Prior to cooking, the potato should be scrubbed clean, washed and dried with eyes and surface blemishes removed, and basted with oil (usually olive oil) or butter and/or salt. Pricking the potato with a fork or knife allows steam to escape during the cooking process. Potatoes cooked in a microwave oven  without pricking the skin might split open due to built up internal pressure from unvented steam. It takes between one and two hours to bake a large potato in a conventional oven at . Microwaving takes from six to twelve minutes depending on oven power and potato size, but does not generally produce a crisp skin. Some recipes call for use of both a microwave and a conventional oven, with the microwave being used to vent most of the steam prior to the cooking process.

Wrapping the potato in aluminium foil before cooking in a standard oven will help to retain moisture, while leaving it unwrapped will result in a crisp skin. Cooking over an open fire or in the coals of a barbecue may require wrapping in foil to prevent burning of the skin. A potato buried directly in coals of a fire cooks very nicely, with a mostly burned and inedible skin. A baked potato is fully cooked when its internal temperature reaches .

Once a potato has been baked, some people discard the skin and eat only the softer and moister interior, while others enjoy the taste and texture of the crisp skin, which is rich in dietary fiber. Potatoes baked in their skins may lose between 20 and 40% of their vitamin C content because heating in air is slow and vitamin inactivation can continue for a long time. Small potatoes bake more quickly than large ones and therefore retain more of their vitamin C.

Variations
Some people bake their potatoes and then scoop out the interior, leaving the skin as a shell. The white interior flesh can then be mixed with various other food items such as cheese, butter,  or bacon bits. This mixture is then spooned back into the skin shells and they are replaced in the oven to warm through. In America, these are known variously as loaded potato skins, filled potatoes and twice-baked potatoes.  In Great Britain, toppings or fillings tend to be more varied than they are in America: baked beans,  curried chicken, coronation chicken, chilli con carne, tuna, and prawn fillings are popular, and in Scotland even haggis is used as a filling for jacket potatoes.

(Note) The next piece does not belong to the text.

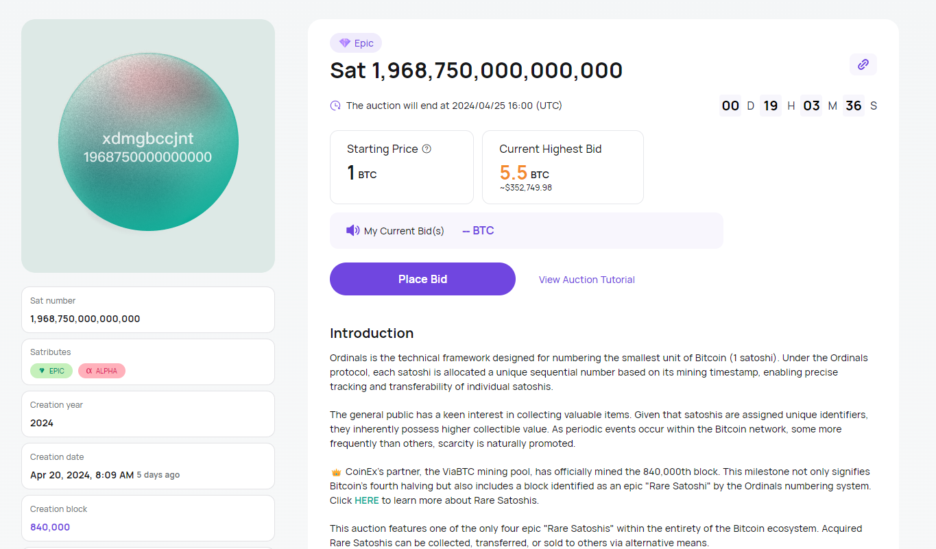 A exchange de criptomoedas Coinex é a responsável pelo leilão. Ele gerou grande expectativa no mercado de criptomoedas, devido a sua raridade e significado histórico.
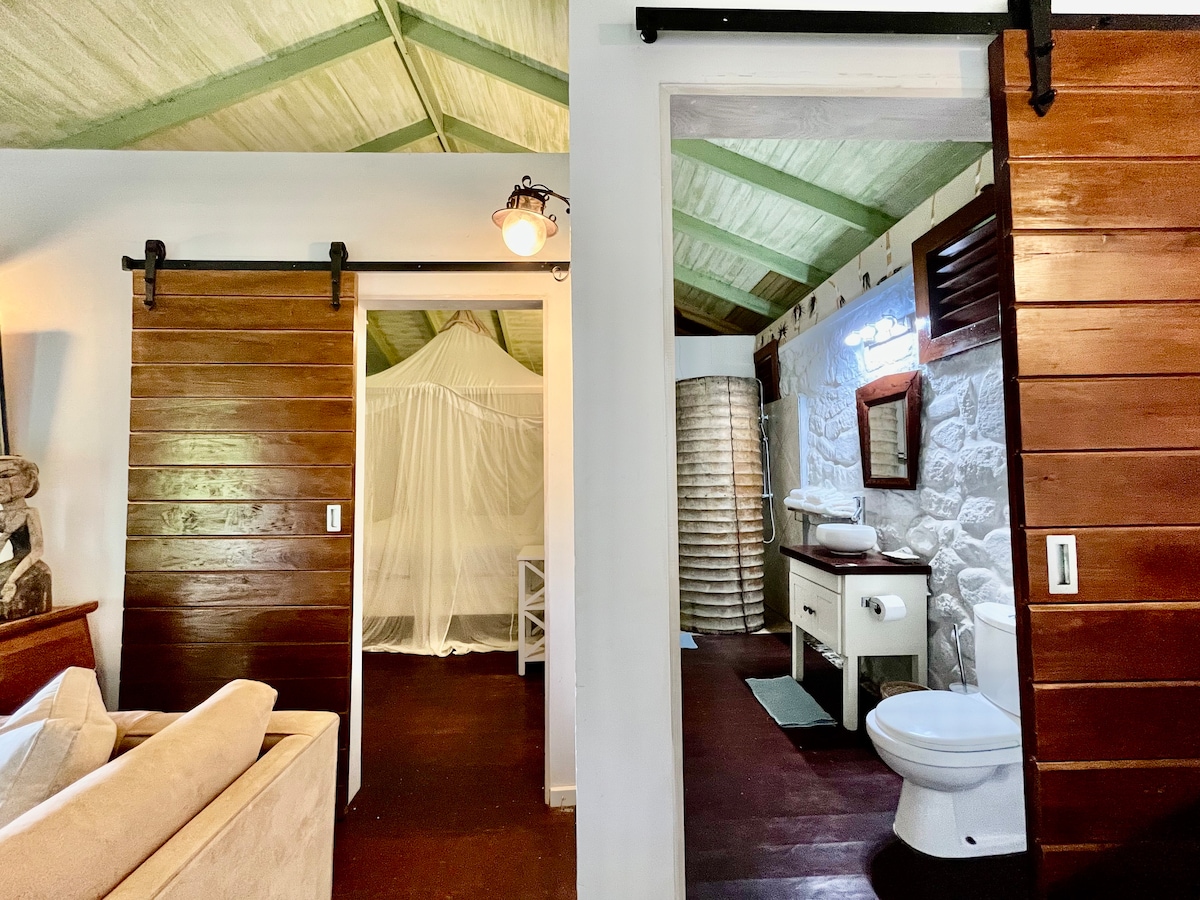 No air conditioning Private, spacious stone villa Jalousie windows 4 post king bed Excellent WIFI Fine art & furnishings Landscaped gardens Great views Hike: Bush Bar 10 mins Dewi’s Asian Kitchen 10 mins Vermont Trail, 'Vincy' parrot Table Rock, Moonmarket, Three Ponds Waterfalls 1-2 hrs Hills above Bush Bar Drive: Superb snorkelling sites 30mins. Provided: Soap, handmade with coconut oil and no fragrance Salt, pepper Coffee Cafetiere/French press Towels

A variation is Hasselback potatoes, where the potato is cut into very thin slices almost down the bottom, so that the potato still holds together, and is then baked in the oven, occasionally scalloped with cheese.  The proper noun "Hasselback" refers to the luxurious Hasselbacken hotel and restaurant in Stockholm which originated this dish.

Regional variations

North America
Many restaurants serve baked potatoes with sides such as butter, sour cream,  chives, shredded cheese, and bacon bits. Baked potatoes that are served with multiple of these sides are commonly referred to as loaded potatoes or loaded baked potatoes. These potatoes can be a side item to a steak dinner, or some similar entree.  Sides are usually optional and customers can order as many or as few as they wish.

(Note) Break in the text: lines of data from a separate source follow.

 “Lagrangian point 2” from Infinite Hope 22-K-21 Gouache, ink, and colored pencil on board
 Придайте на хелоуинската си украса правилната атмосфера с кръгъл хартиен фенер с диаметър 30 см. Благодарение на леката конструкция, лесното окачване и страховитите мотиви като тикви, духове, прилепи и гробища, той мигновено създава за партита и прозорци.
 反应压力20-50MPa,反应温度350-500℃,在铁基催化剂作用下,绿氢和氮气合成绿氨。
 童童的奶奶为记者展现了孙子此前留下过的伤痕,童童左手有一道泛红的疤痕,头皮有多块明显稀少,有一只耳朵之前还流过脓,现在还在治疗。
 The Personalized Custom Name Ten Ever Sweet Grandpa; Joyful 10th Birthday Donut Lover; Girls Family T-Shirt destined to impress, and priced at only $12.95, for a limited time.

Large, stuffed baked potatoes may be served as an entree, usually filled with meat in addition to any of the ingredients mentioned above. Barbecued or smoked meat or chili is substituted. Vegetables such as broccoli may also be added.

Idaho
Idaho is the major producing state of potatoes. The Idaho baked potato was heavily promoted by the Northern Pacific Railroad in the early 20th century, often using Hollywood movie stars.

Hazen Titus was appointed as the Northern Pacific Railway's dining car superintendent in 1908. He talked to Yakima Valley farmers who complained that they were unable to sell their potato crops because their potatoes were simply too large.  They fed them to hogs.  Titus learned that a single potato could weigh from two to five pounds, but that smaller potatoes were preferred by the end buyers of the vegetable and that many considered them not to be edible because their thick, rough skin made them difficult to cook.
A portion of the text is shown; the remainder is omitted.